4.2 calculate acquaintance dependent merchandise purchase probability
Based on the degree of association between the main commodity of previous calculations and dependent merchandise, be correlated with and the purchase probability of similar commodity according to following formulae discovery
Score_i=Master_SPU_Pos*SKU_Score_i/SUM(SKU_Score_i)
Master_SPU_Pos is the main commodity purchasing probability of previous calculations, and SUM (SKU_Score_i) is all associated articles degree of association mark cumulative sums of main commodity, and SKU_Score_i is the degree of association of SKU_i and main commodity.
4.3 bought commodity filters
Take the commodity that order is submitted at family within nearly 7 days to, commodity group belonging to order commodity will be submitted to as user filtering commodity group; The commodity filtering commodity group are belonged in the set of filter user Recommendations;
4.4 sequence
Commodity based on Recommendations set after filtration are above combined, according to the purchase probability of commodity in commodity set, commodity is sorted, using the Recommendations list of the commodity after sequence as user.

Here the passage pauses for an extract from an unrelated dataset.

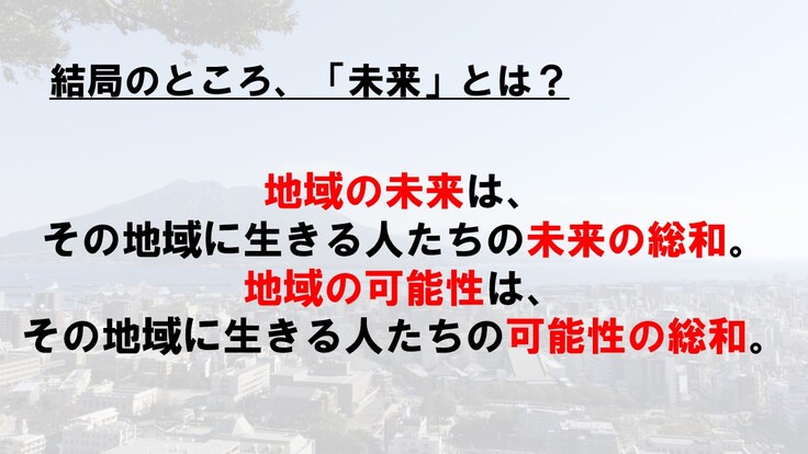 また、2020年1月「東南アジア青年の船」事業の報告会を鹿児島大学で開催した際には、同じく2つのキーワードから鹿児島の未来を描いて、「そもそも地域の未来とは」という内容で以下のようにプレゼンをしています。

As shown in Figure 9, be the structural representation of the system that the present invention relates to.This system, comprising: user behavior data acquisition module 201, for gathering the historical behavior of user at e-commerce website, or gathering user login information, obtaining the historical information of login user; User buys predicted characteristics vector calculation module 202, for based on user's historical behavior or historical information structuring user's proper vector, or according to the historical behavior data of login user, and structuring user's proper vector; Wherein, also comprise: similarity computing module 2021, the similarity of commodity according to commodity classified, each class is a commodity group; Associated articles group computing module 2022, adopts collaborative filtering or correlation rule to calculate each flat associated articles group; Associated articles acquisition module 2023, take under the top n commodity group that correlativity under each commodity group is the highest whole flat as commodity under this commodity group relevant after similar commodity.Purchase probability forecast model module 203, according to user characteristics vector training purchase probability forecast model module, thus calculates the purchase probability obtaining commodity; Or the proper vector according to login user calculates user to the purchase probability of commodity with training purchase probability forecast model module; User's commercial product recommending module 204, for the purchase probability according to commodity, by commercial product recommending to user.In addition, described system adopts above-mentioned Method of Commodity Recommendation.
Those skilled in the art should understand that; above-mentioned embodiment is only used to the object that illustrates and the example of lifting; instead of be used for limiting; the any amendment done under all instructions in the application and claims, equivalently to replace, all should be included in and this application claims in the scope of protection.